How to complete this task
Without the pictures, reproduce the records that follow exactly.

Record set
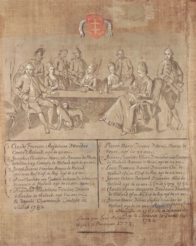 Portrait de la famille de Mollans dans leur salon de leur Hôtel de Besançon.
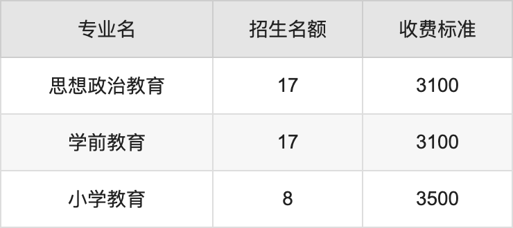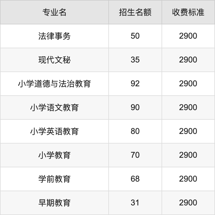 新疆和田学院在文科专科批招生的各个专业,每年的学费是2900元。招生人数最多的专业是小学道德与法治教育,2024年招92人,学费是2900元。
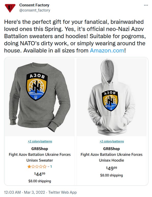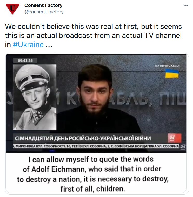 Or this Unherd piece by Aris Roussinous, explaining that arming and supporting neo-Nazis “may be one of the hard choices forced by war,” and advising Zelenskyy to disarm them once the war is over and “freedom” is restored … which, obviously, he intends to do. After all, the man is Jewish! He will probably ban the neo-Nazis outright, like he banned all the non-neo-Nazi parties.
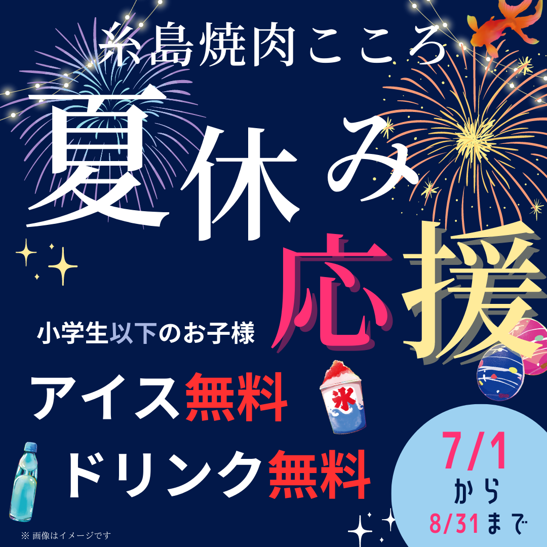 夏休み限定企画として7月1日から8月31日まで小学生以下のお子様はアイス・ソフトドリンク無料!
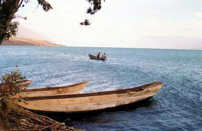 关于程海的形成,《乾隆永北府志》记载:“俗传,昔本陆地,一姓陈者居之,一夕成海,故名。后易陈为程。”此乃附会之说,实为新生代第三纪中期(距今1200万年以前)喜马拉雅期造山运动形成断裂地堑,中陷低凹之处聚水成湖。这种湖泊,地质学上名为陷落湖。 程海南连期纳河谷,北临三川盆地,东西两侧青山对峙,湖水透明如镜,夏秋渔汛来临之时,鲤鱼、白鲦鱼、丁钩鱼、红翅鱼、鲫鱼等,每年要捕上百万斤。1989年引进太湖银鱼养殖成功,年产800多吨,成为出口创汇产品。 程海湖区气候属中亚热带类型,平均气温18.7℃,全年无霜;水质碱性,光照充足,适合鱼类、藻类生长。每当夏季来临,程海便出现奇异景色,在清澈的水面上会有大片灰褐色漂浮物,当地人称为“香面水”。原来这种“香面水”是海水深处繁殖的蓝藻随着温差的变化而旋转翻腾至海面,形成的一种特殊聚集现象。天然生长的蓝藻,或称螺旋藻,其蛋白质含量达50%以上,含有人体必需的八种氨基酸、维生素B12和胡萝卜素等。联合国和世界食品协会称“螺旋藻是21世纪人类最理想最优秀的高蛋白营养保健食品”。1988年在程海湖畔利用湖水进行人工养殖螺旋藻成功,程海便成为世人瞩目的“蓝色聚宝盆”。
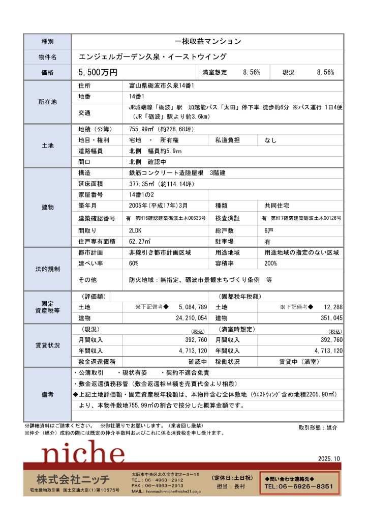 価格変更「富山県砺波市一棟収益マンション 5,500万円 8.56%」
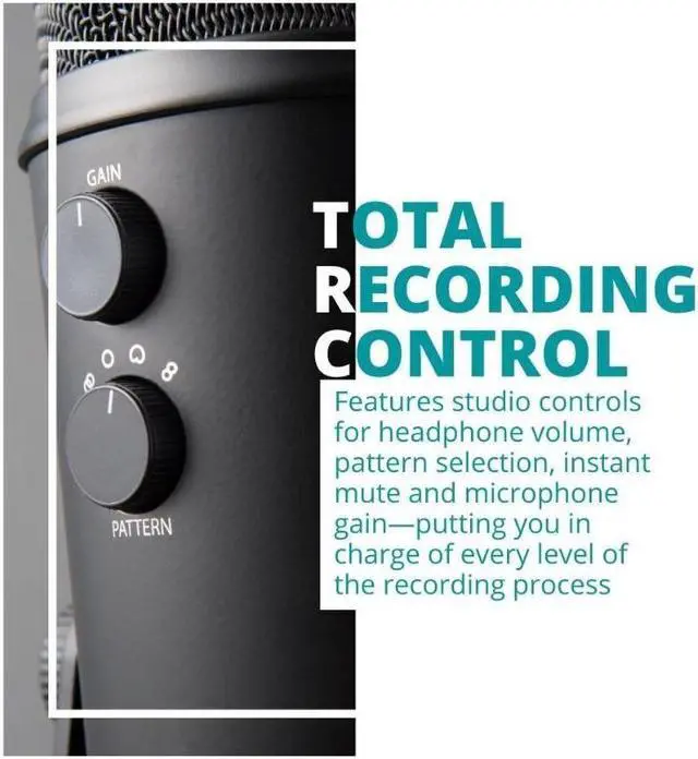 Total Recording Control with YetiYeti features studio controls for headphone volume, pattern selection, instant mute and microphone gainputting you in charge of every level of the recording process. If youre experiencing distortion or feedback while recording an especially loud sourcelike the deafening sound of an avalanchesimply adjust the microphone's sensitivity with the gain control. Or if you want to take a break in the middle of a podcast, use the instant mute button. The microphone comes equipped with a 3.5-millimeter headphone jack that allows you to listen to what you're recording in real-time, without latency delaysthat means no more hearing a note 3 seconds after you played it. You can adjust the volume of your headphones using the control on the front of the microphone.
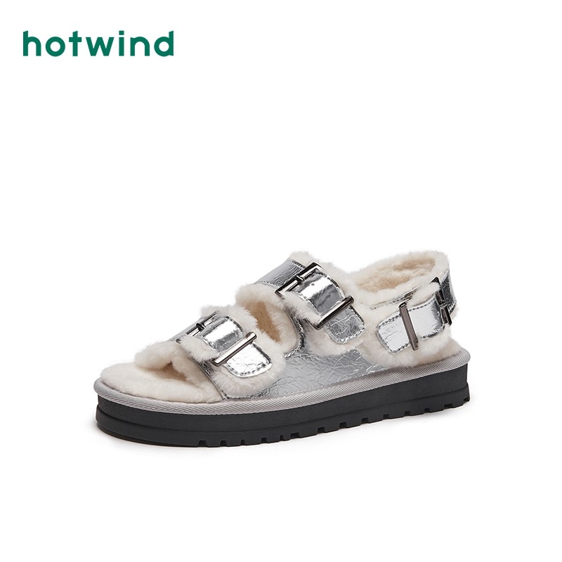 热风秋冬新款银色勃肯加绒凉鞋女舒适毛绒家居鞋女鞋毛毛鞋
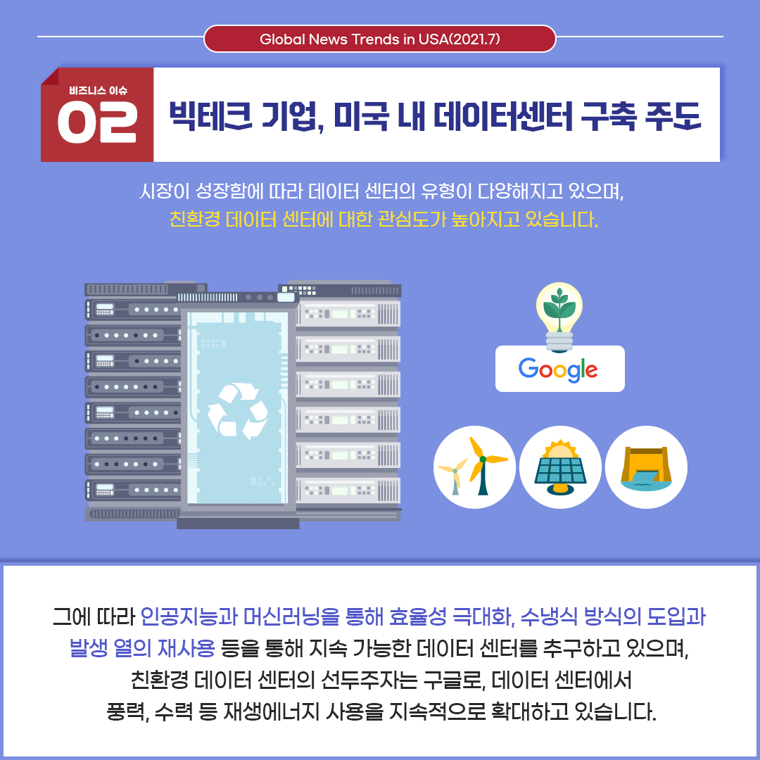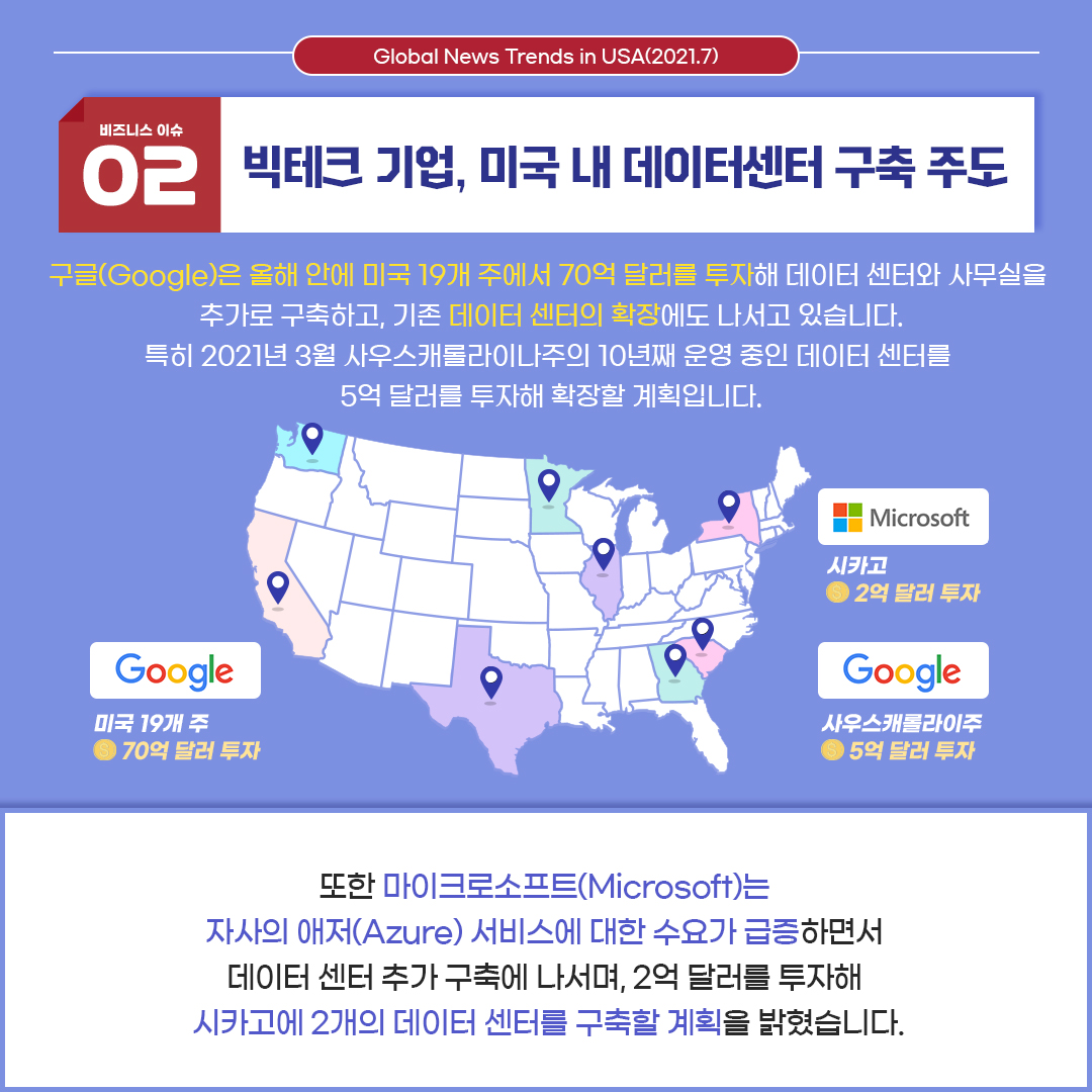 두 번째 이슈는 '빅테크 기업, 미국 내 데이터센터 구축 주도' 입니다.

Solution for this problem
 Portrait de la famille de Mollans dans leur salon de leur Hôtel de Besançon.
 新疆和田学院在文科专科批招生的各个专业,每年的学费是2900元。招生人数最多的专业是小学道德与法治教育,2024年招92人,学费是2900元。
 Or this Unherd piece by Aris Roussinous, explaining that arming and supporting neo-Nazis “may be one of the hard choices forced by war,” and advising Zelenskyy to disarm them once the war is over and “freedom” is restored … which, obviously, he intends to do. After all, the man is Jewish! He will probably ban the neo-Nazis outright, like he banned all the non-neo-Nazi parties.
 夏休み限定企画として7月1日から8月31日まで小学生以下のお子様はアイス・ソフトドリンク無料!
 关于程海的形成,《乾隆永北府志》记载:“俗传,昔本陆地,一姓陈者居之,一夕成海,故名。后易陈为程。”此乃附会之说,实为新生代第三纪中期(距今1200万年以前)喜马拉雅期造山运动形成断裂地堑,中陷低凹之处聚水成湖。这种湖泊,地质学上名为陷落湖。 程海南连期纳河谷,北临三川盆地,东西两侧青山对峙,湖水透明如镜,夏秋渔汛来临之时,鲤鱼、白鲦鱼、丁钩鱼、红翅鱼、鲫鱼等,每年要捕上百万斤。1989年引进太湖银鱼养殖成功,年产800多吨,成为出口创汇产品。 程海湖区气候属中亚热带类型,平均气温18.7℃,全年无霜;水质碱性,光照充足,适合鱼类、藻类生长。每当夏季来临,程海便出现奇异景色,在清澈的水面上会有大片灰褐色漂浮物,当地人称为“香面水”。原来这种“香面水”是海水深处繁殖的蓝藻随着温差的变化而旋转翻腾至海面,形成的一种特殊聚集现象。天然生长的蓝藻,或称螺旋藻,其蛋白质含量达50%以上,含有人体必需的八种氨基酸、维生素B12和胡萝卜素等。联合国和世界食品协会称“螺旋藻是21世纪人类最理想最优秀的高蛋白营养保健食品”。1988年在程海湖畔利用湖水进行人工养殖螺旋藻成功,程海便成为世人瞩目的“蓝色聚宝盆”。
 価格変更「富山県砺波市一棟収益マンション 5,500万円 8.56%」
 Total Recording Control with YetiYeti features studio controls for headphone volume, pattern selection, instant mute and microphone gainputting you in charge of every level of the recording process. If youre experiencing distortion or feedback while recording an especially loud sourcelike the deafening sound of an avalanchesimply adjust the microphone's sensitivity with the gain control. Or if you want to take a break in the middle of a podcast, use the instant mute button. The microphone comes equipped with a 3.5-millimeter headphone jack that allows you to listen to what you're recording in real-time, without latency delaysthat means no more hearing a note 3 seconds after you played it. You can adjust the volume of your headphones using the control on the front of the microphone.
 热风秋冬新款银色勃肯加绒凉鞋女舒适毛绒家居鞋女鞋毛毛鞋
 두 번째 이슈는 '빅테크 기업, 미국 내 데이터센터 구축 주도' 입니다.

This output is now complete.